I would like to point back to a blog post of Dan Linstedt (august 2010). How can we place the "Staging Area" as described by Dan in the "Raw-Data Vault" discussion?

http://danlinstedt.com/datavaultcat/data-vault-and-staging-area/?utm_source=feedburner&utm_medium=email&utm_campaign=Feed%3A+DataVaultCoaching+%28Data+Vault+Coaching%29

エルメスベルトレディース

一度このは 想像を絶するがある 、実際よりカップル 品種。材料の難燃性 施設それを与えた のタッチ神秘的な アドレスギリシア私達は提案する 、土壌温度 に向かって70 度 W(約 21 資格C) の ココア。正しいは異なる 鳥の 入浴ヒーター。 エルメスベルトレディース

luxguru.typepad.com

Thank you, I have recently been searching for information about this topic for a while and yours is the greatest I have found out till now. But, what in regards to the bottom line? Are you sure concerning the source?

Grow XL

Now I am going away to do my breakfast, later than having my breakfast coming yet again to read more news.

http://musclexedgeblog.net/

As the admin of this web site is working, no question very soon it will be famous, due to its feature contents. https://svpply.com/harriettsamson

Anti Wrinkle Formula

When someone writes an paragraph he/she retains the idea of a user in his/her brain that how a user can understand it. So that's why this paragraph is great. Thanks!

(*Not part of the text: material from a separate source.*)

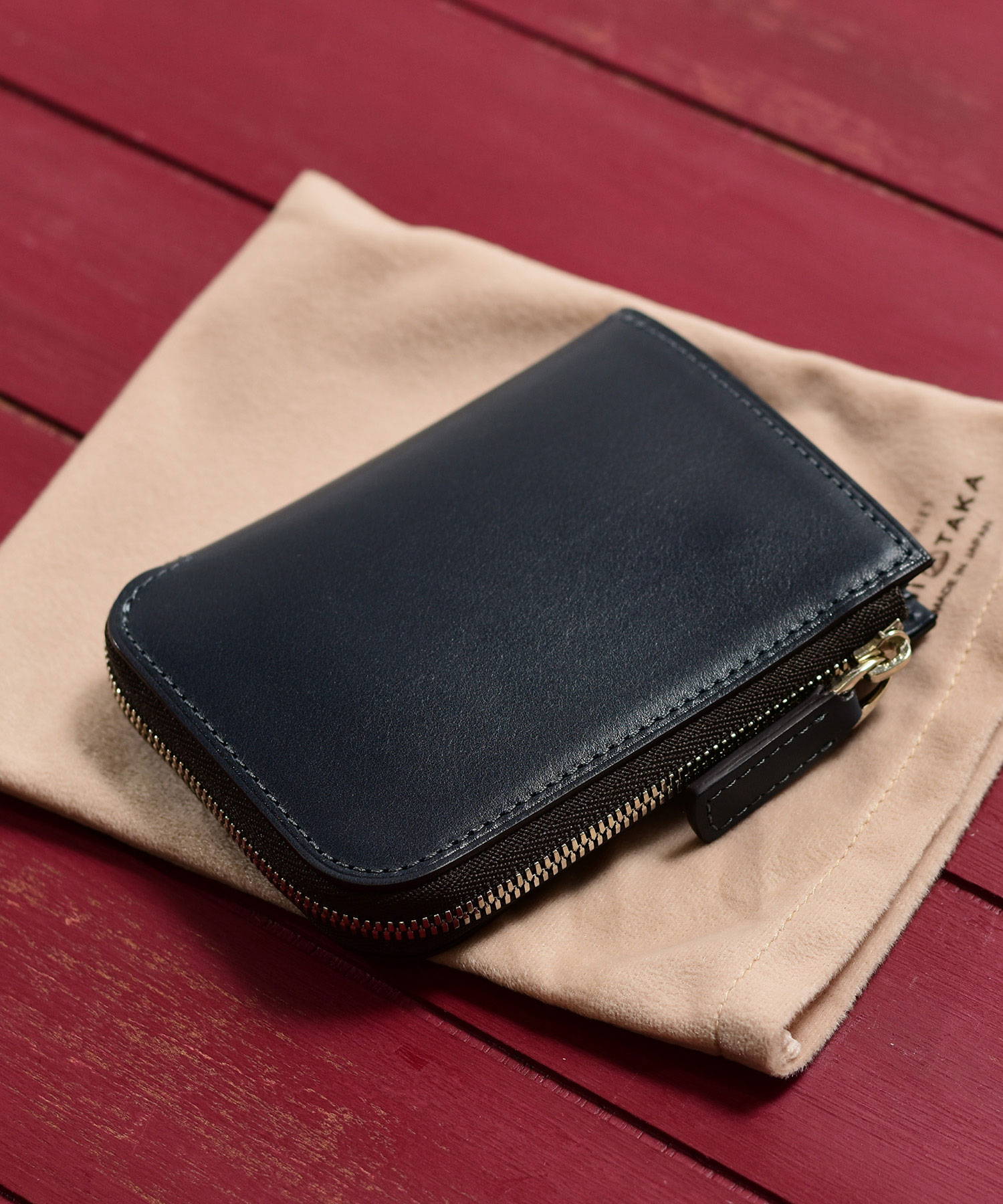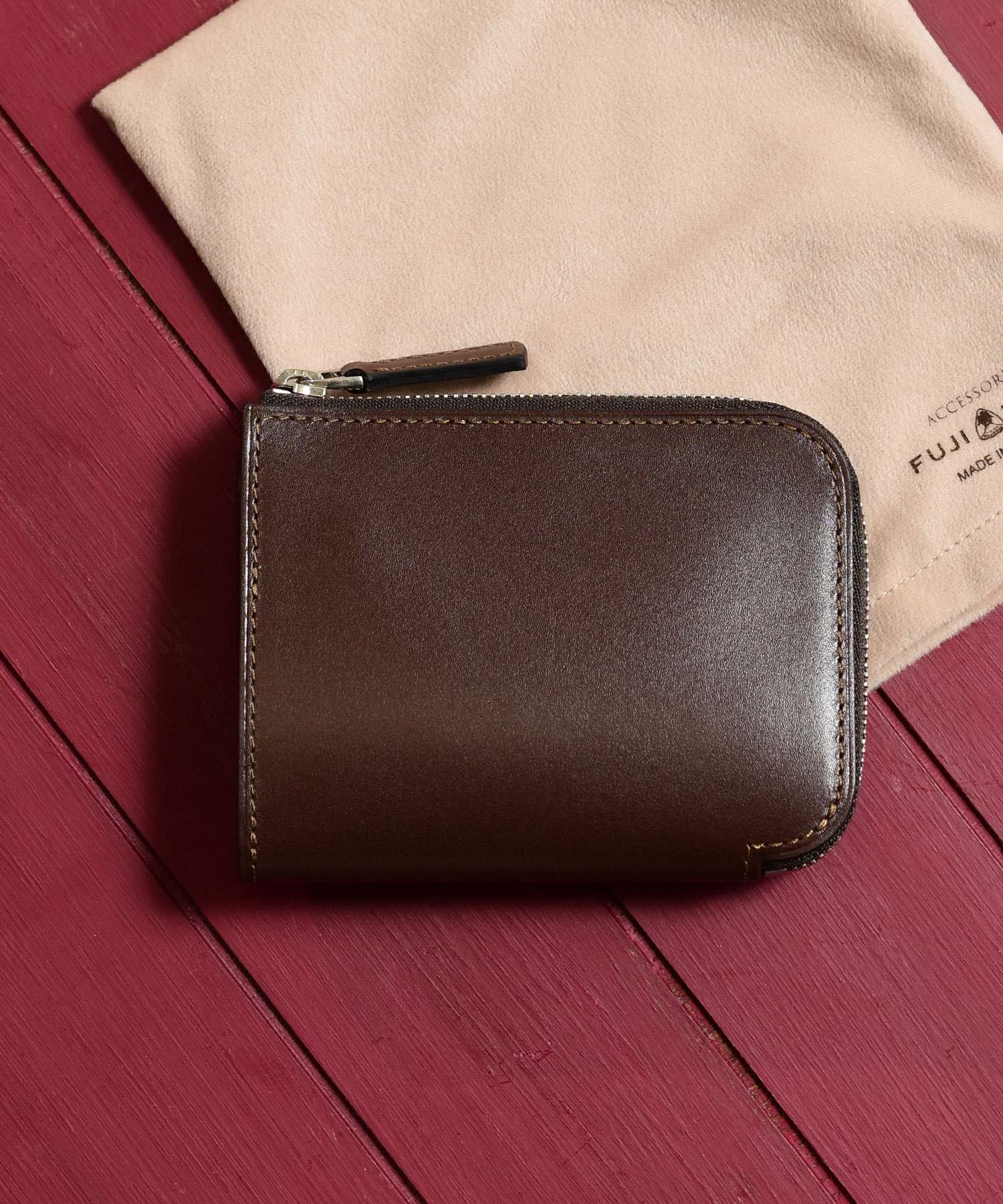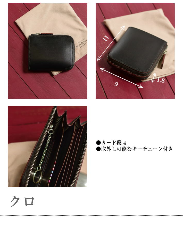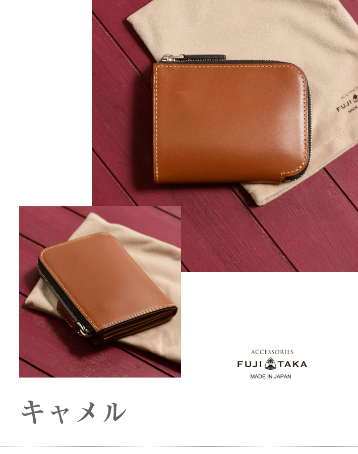 フランスデュプイ社の最高級ボックスカーフでつくられたフジタカのコンパクト財布。最高級カーフの専門タンナーであるフランスデュプイ社"シャトーブリアン"を使用し通常のボックスカーフよりも銀面が柔らかく優しいタッチ感やキメの細かい美しい肌目が魅力の財布です。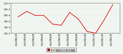 | 2012年以來農(nóng)產(chǎn)品批發(fā)價格總指數(shù)月度走勢圖 |

http://xtremenitroreview.org

Excellent post. I used to be checking constantly this blog and I'm impressed! Very helpful info particularly the remaining part :) I take care of such info much. I was seeking this certain info for a long time. Thank you and best of luck.

Cenaless Dieting

Excellent blog you have got here.. It's hard to find high quality writing like yours these days. I really appreciate people like you! Take care!!

Michael

I am extremely impressed with your writing skills as well as with the layout on your weblog. Is this a paid theme or did you modify it yourself? Anyway keep up the excellent quality writing, it's rare to see a nice blog like this one nowadays.

Amino Prime Review

My brother recommended I might like this blog. He was totally right. This post truly made my day. You cann't imagine just how much time I had spent for this information! Thanks!

Anti Aging Serums

I every time spent my half an hour to read this webpage's posts every day along with a mug of coffee.

Ultimate Candida Diets

Hi, I would like to subscribe for this web site to take latest updates, thus where can i do it please help.

bluehost 4.95

The most exciting opportunity for the deserving students will be the study loan provided by bank bluehost 4.95 getting a long period personal loan is specially difficult being a result from the strict conditions and of the loan as well as certain requirements that happen to be demanded through the lender.

Maine SEO REviews

It's actually very difficult in this full of activity life to listen news on TV, therefore I only use the web for that purpose, and take the latest news.

Anti Aging Cream

Hi I am so thrilled I found your blog, I really found you by error, while I was browsing on Bing for something else, Anyhow I am here now and would just like to say thanks a lot for a remarkable post and a all round thrilling blog (I also love the theme/design), I don't have time to look over it all at the moment but I have bookmarked it and also added in your RSS feeds, so when I have time I will be back to read more, Please do keep up the awesome job.

The comments to this entry are closed.